Why were they being so kind to her, speaking so reassuringly, looking so sympathetic? They should be locking her away, straitjacketing her, leaving her alone with her own anger – not this.

He took her pulse, then held on to her hand. ‘That’s fine. When you feel ready the police have sent a car – someone will drive you home and stay with you. I’ve prescribed a sedative, you can collect it at the nursing station as you go out … you need to sleep. Is there anything else I can do?’

She looked into his face. He had a tiny mole beside his eye, and a scar on his upper lip. He might have been fifteen years old. How could he be speaking to her with such calm confidence? How was it that she was ready to do whatever he asked?

She shook her head, then again managed to say Kate’s name.

‘She’s fine but she’s going off duty for tonight.’

‘What did I do?’

‘Gave her a bloody nose actually. No lasting damage.’ He smiled. ‘You packed a punch.’

She didn’t mind that he was trying to lighten her up, make her relax. She didn’t mind. She smiled back at him. Then she said, ‘My son David is dead,’ and knew that it was the simple truth.

The young doctor did not insult her by contradicting her or trying to jolly her out of what she had said, he merely took her hand and held it firmly in silence, and stayed with her until a different police officer came and took her down to the waiting car and home.

Thirty-seven

The room smelled of damp coats. Outside Blackfriars Hall the square was like a sluice and the guttering poured water on to everyone stepping inside. A great many people had come, mainly, Karin McCafferty thought, to escape the wet rather than to support the exhibition of the proposed new day-care centre. The helpers in charge of refreshments had been serving coffee and cakes non-stop, and the raffle and tombola tables had attracted a queue since the opening. But people wandered vaguely round the model of the centre without asking any questions or, save for a few, writing their names in the book left out for those who wanted to be contacted with further information. It was a very nice model. The day-care centre would be at the side of Imogen House and have facilities for patients to meet together, to paint and sew, make models, play games. There would be consultation and treatment rooms and a conservatory opening out on to the garden. Not everyone needed to be an inpatient at the hospice, and not all inpatients simply went into Imogen House to die; many went for respite care and pain relief and returned home for weeks or months of better quality life.

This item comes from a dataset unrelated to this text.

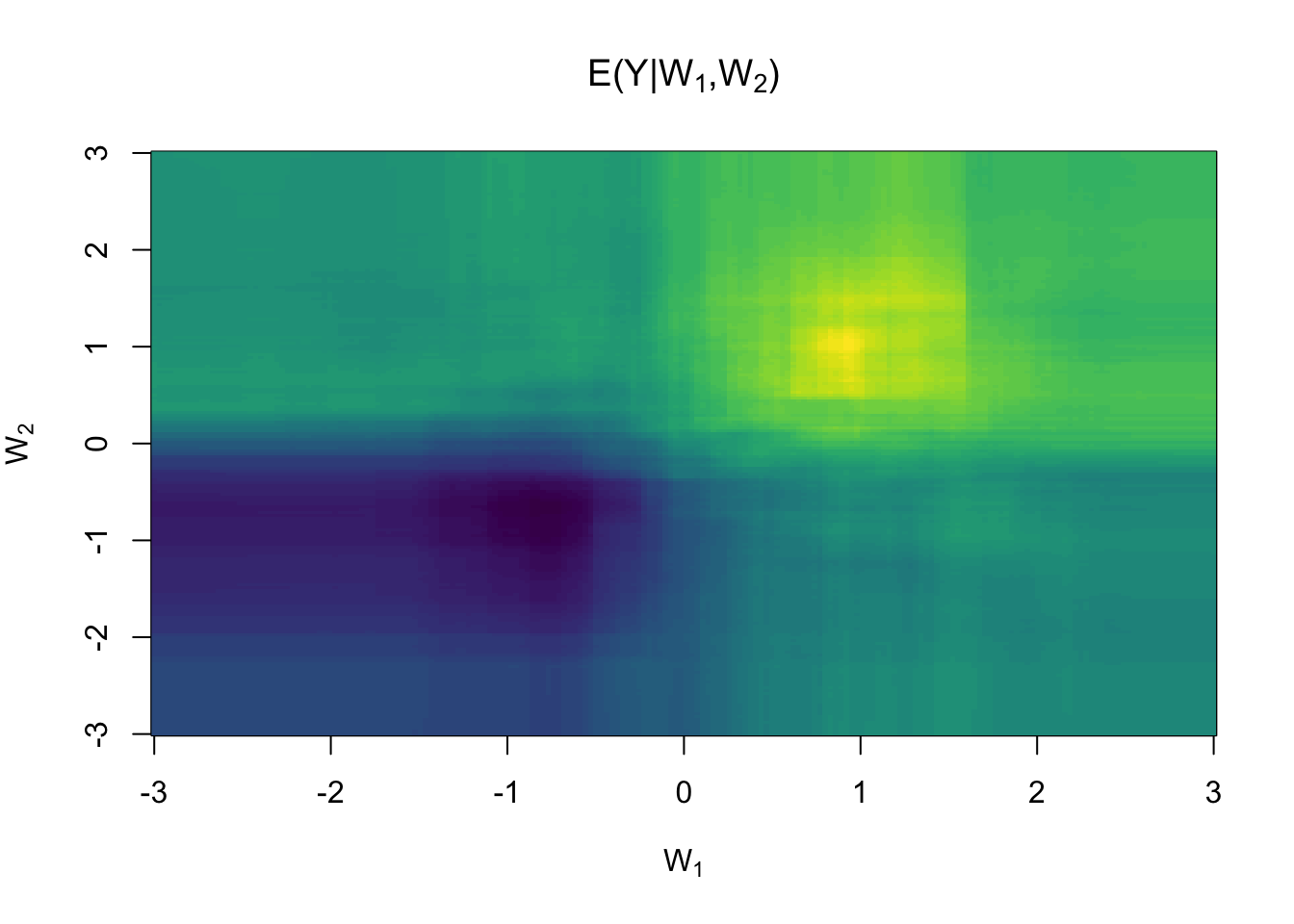 main=expression(paste("E(Y|",W[1],",",W[2],")")),
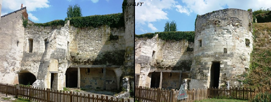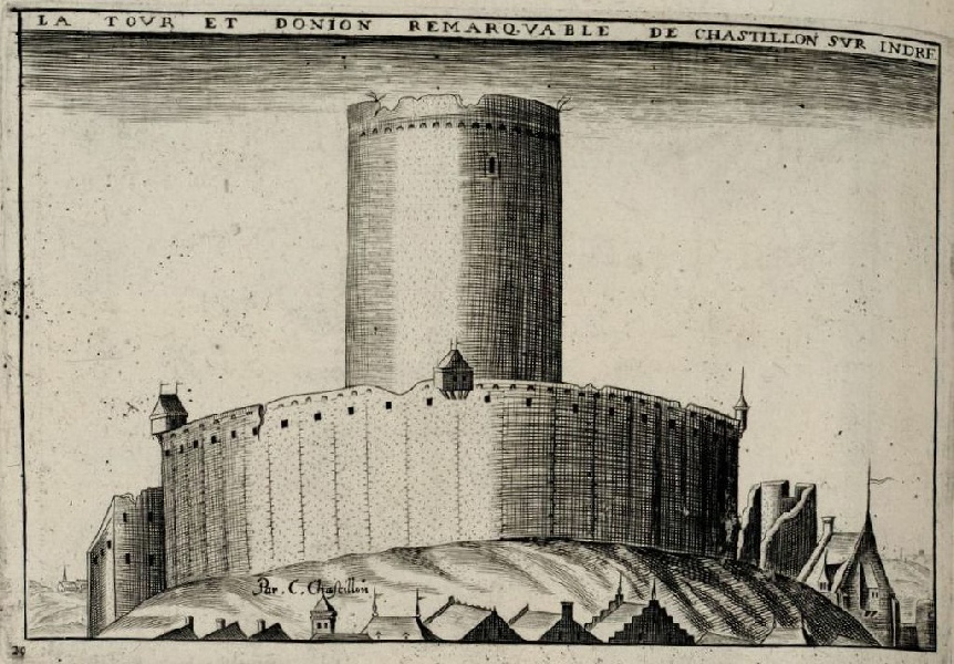 Une donation du IXème s., relatée trois siècles plus tard, mentionne la motte et la « demeure » de Châtillon (Jean-Pascal Foucher *). C’est sous le comte d’Anjou -Henri II Plantagenêt-, qu’un shell-keep ou donjon annulaire prend place au sommet de la motte (dans la décennie 1150). La construction d’une tour circulaire, en son centre, aurait suivi une trentaine d’années plus tard. Une analyse dendrochronologique** nous donne l’année 1188 comme date terminale. Une partie de la chemise à pans (du côté de la basse-cour) aurait été supprimée à cette occasion puis reconstruite, en y intégrant une tourelle d’escalier, dans le second quart ou le milieu du XVème s. A cette époque, on aménage également la salle du 1er étage du donjon -cheminée et portes- (Christian Corvisier ***).

If they had a day unit to attend, their care package would be complete. Karin and Meriel Serrailler had been ready with the answers to every conceivable question, ready with explanations and leaflets, ready, as Meriel put it, with a better sales pitch than any used-car dealer. But they had scarcely been asked a question and no one had wanted to stay long enough to have the idea of the day-care centre sold to them.

Now, the room was thinning out as people finished their coffees and got ready to plunge back into the rain. Meriel had gone to help with washing-up. Karin sat beside the model, finishing her second cup of tea and feeling dispirited.

A second later, she looked up at a young woman who had just come in. She wore a cream belted raincoat and a pale pink cashmere stole, and her hair gleamed with raindrops but was neither tangled into damp rats’ tails not plastered round her face. She was beautiful. Karin stared at her. She was probably the most beautiful woman she had ever seen. She was slim with a perfect skin and very large, dark eyes, as dark as the sheet of hair.